A case study for contextualised image captioning uning foundation models: journalism enhancement with AI

Large language models (LLMs) and large multimodal models (LMMs) have significantly impacted the AI community, industry, and various economic sectors. In journalism, integrating AI poses unique challenges and opportunities, particularly in enhancing the quality and efficiency of news reporting. This study explores how LLMs and LMMs can assist journalistic practice by generating contextualised captions for images accompanying news articles.

Figure 1: An example from the GoodNews dataset and the extracted context we used

We conducted experiments using the GoodNews [1] dataset to evaluate the ability of LMMs to incorporate one of two types of context: entire news articles, or extracted named entities. In addition, we compared their performance to a two-stage pipeline composed of a captioning model with post-hoc contextualisation with LLMs.

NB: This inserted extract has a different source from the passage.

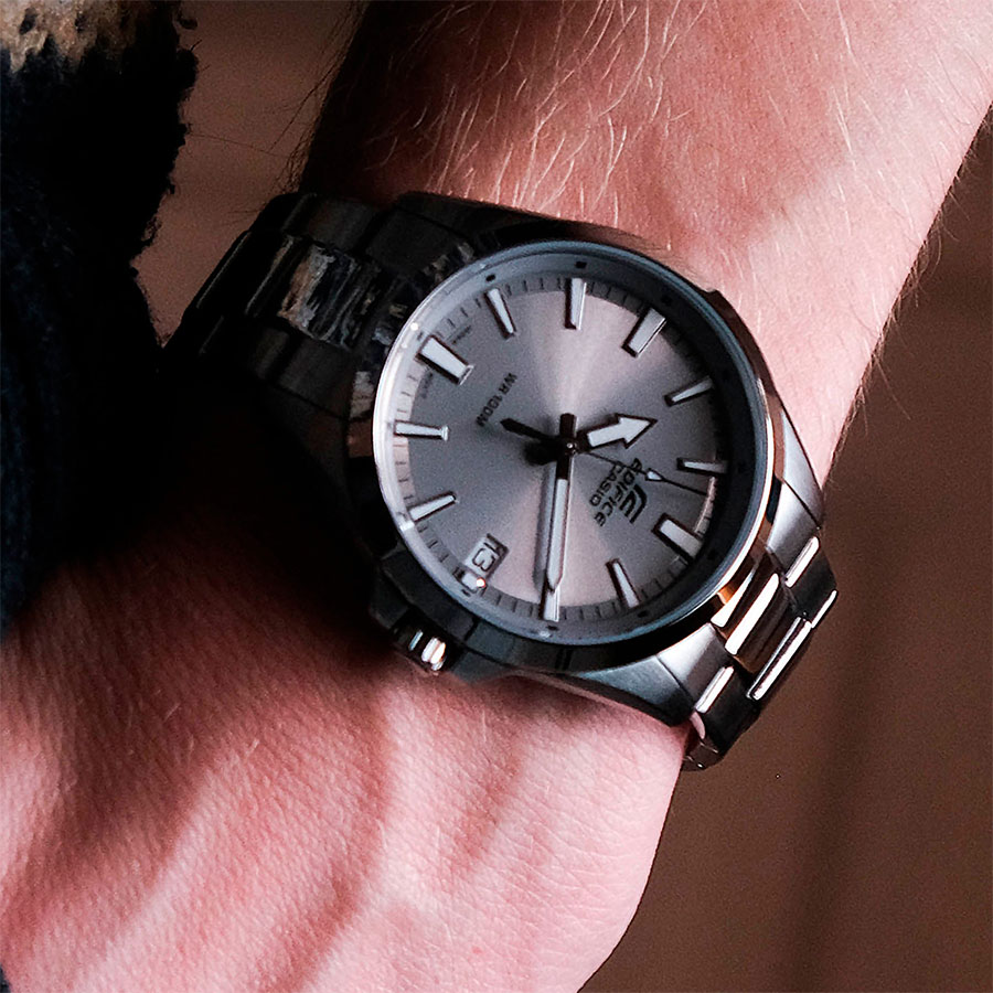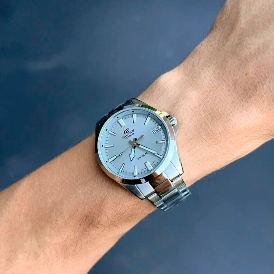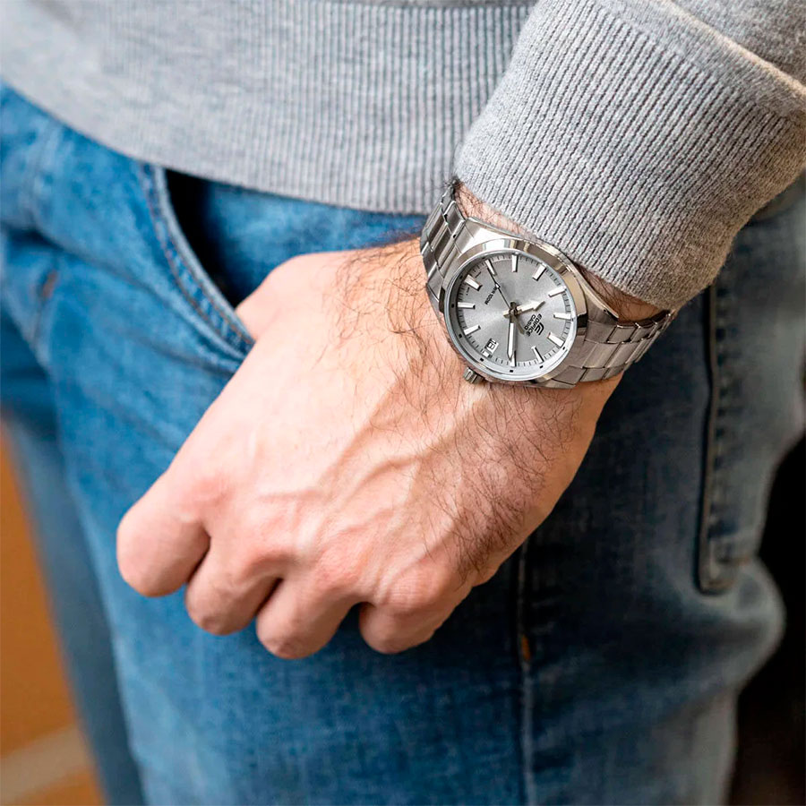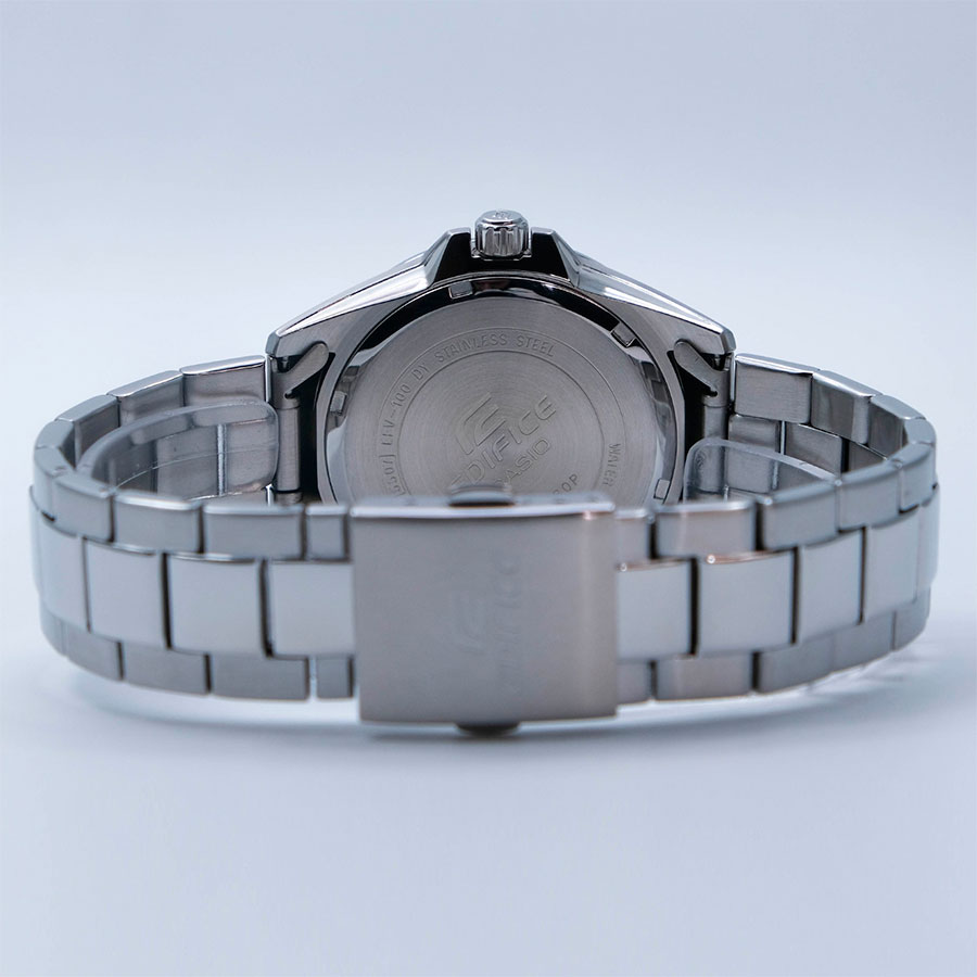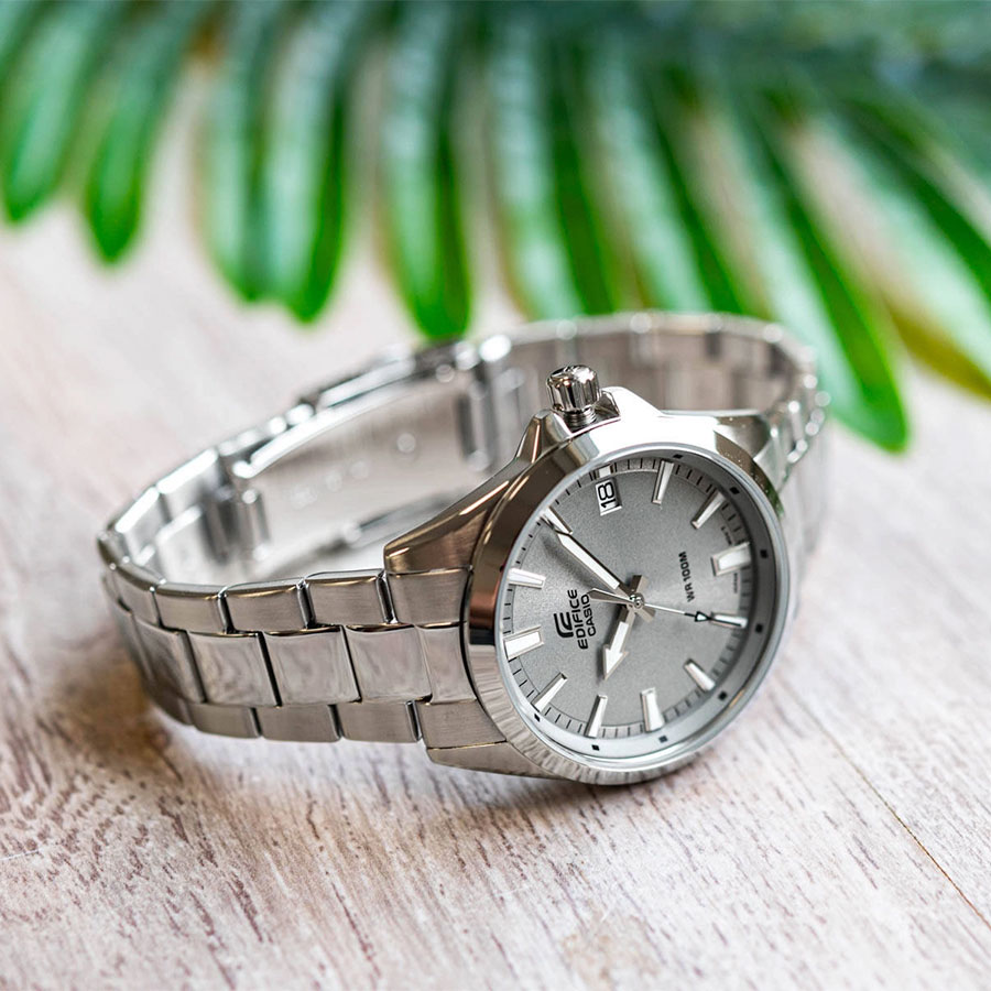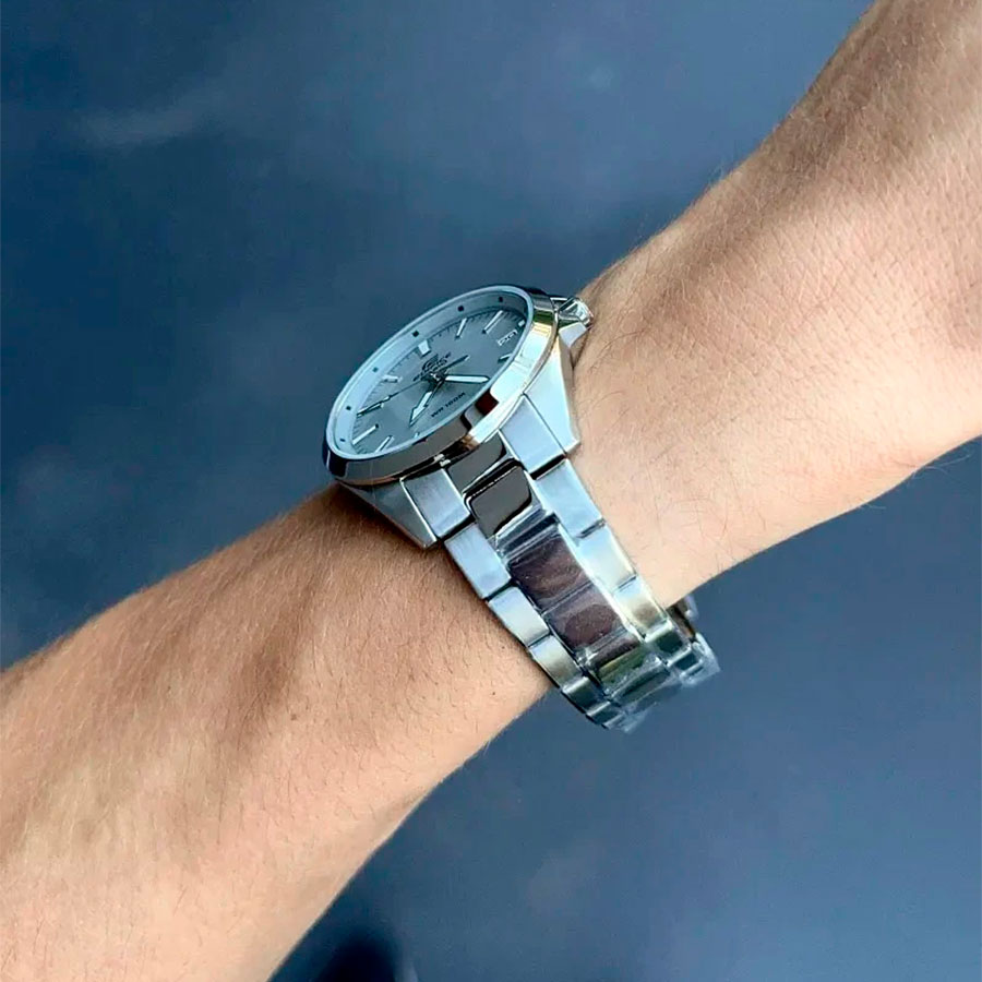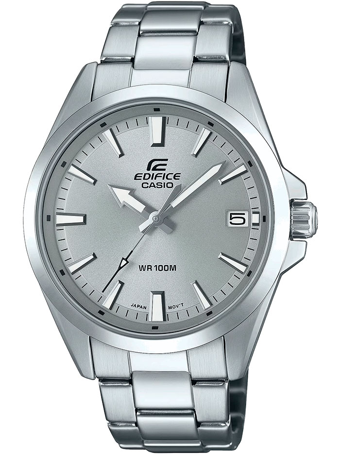 Корпус и браслет выполнены из нержавеющей стали, а серый циферблат с аккуратными индексами придаёт модели сдержанную элегантность и современный вид. Завинчивающаяся задняя крышка повышает влагозащиту и защищает механизм от пыли. Дизайн часов подчеркивает философию коллекции Edifice, где сочетаются простота, баланс и внимание к деталям.

Figure 2: Our proposed pipeline, compared to an LMM

By assessing a diversity of models and evaluating with automated metrics, we concluded the following:

The bottleneck caused by using a two-stage architecture with a textual description of the image rather than the image itself is insignificant. Close-source models such as the GPT family might have an advantage in this configuration.
However, smaller, open-source LMMs perform similarly well as proprietary ones.
In terms of context, focused information, such as named entities, is more beneficial to the models than the whole article itself. This finding indicated a possible future direction for our work: implementing an interactive system that facilitates journalists’ writing captions for their articles.

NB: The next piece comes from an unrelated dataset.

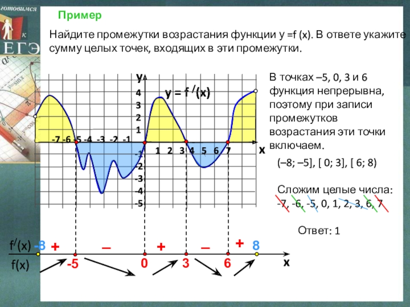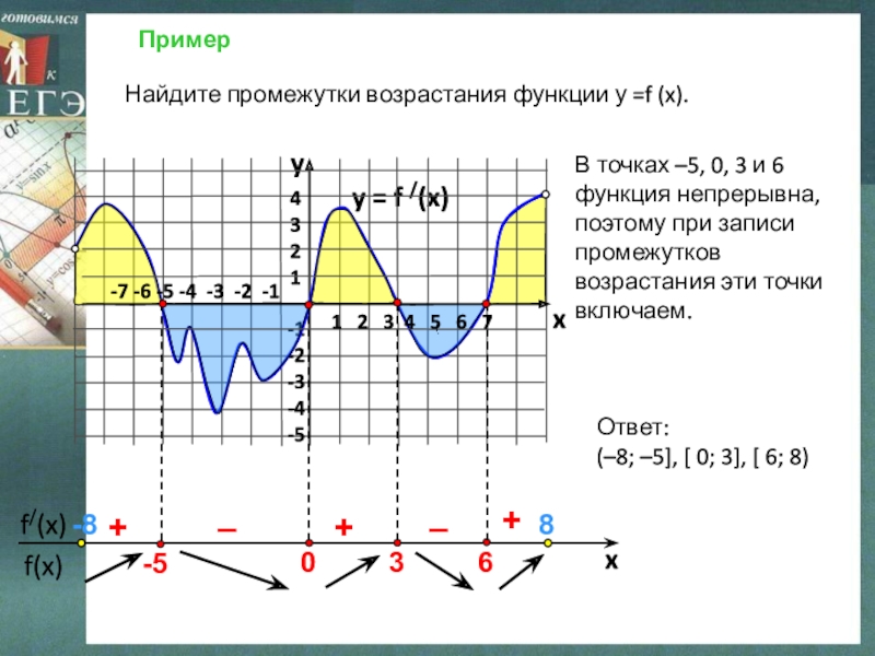 Задание Примерy = f /(x) 4321-1-2-3-4-5yx+––++В какой точке отрезка [– 4; –1] функции Примерy = f /(x) 4321-1-2-3-4-5yx+––++В какой точке отрезка [– 4; –1] функции у =f (x) принимает наибольшее значение?](/img/tmb/6/576556/384d5ef3239a05440ee6b109b0783891-800x.jpg)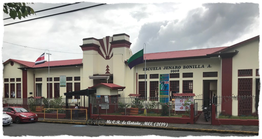 Cerca de 1908 el Presidente González Víquez hizo construir una casa de enseñanza de cuatro aulas con un costo de cinco mil colones que con el aporte de la Municipalidad de mil colones se logró ampliar en un aula más. En esta oportunidad Don Jenaro Bonilla donó un lote de madera aserrada para su construcción y los pupitres.

Note: The paper “Enhancing Journalism with AI: A Study of Contextualized Image Captioning for News Articles using LLMs and LMMs” [2], in which these approaches are presented, was accepted at the workshop TIDMwFM@IJCAI’24.

Citations:

[1] Biten, A. F., Gómez, L., Rusiñol, M., & Karatzas, D. (2019). Good News, Everyone! Context Driven Entity-Aware Captioning for News Images. IEEE Conference on Computer Vision and Pattern Recognition, CVPR 2019, Long Beach, CA, USA, June 16-20, 2019, 12466–12475. doi:10.1109/CVPR.2019.01275

[2] Anagnostopoulou, A., Gouvêa, T. S., & Sonntag, D. (2024). Enhancing Journalism with AI: A Study of Contextualized Image Captioning for News Articles using LLMs and LMMs. Trustworthy Interactive Decision Making with Foundation Models workshop, 33rd International Joint Conference on Artificial Intelligence.

Authors:

Aliki Anagnostopoulou, Thiago Gouvêa

Published by Anika Heinen-Hilgemeyer on January 31, 2025January 31, 2025

Natural Language Processing

Towards self-improving scene understanding with vision-language knowledge integration

Natural Language Processing

Explainable Biomedical Claim Verification (Accenture)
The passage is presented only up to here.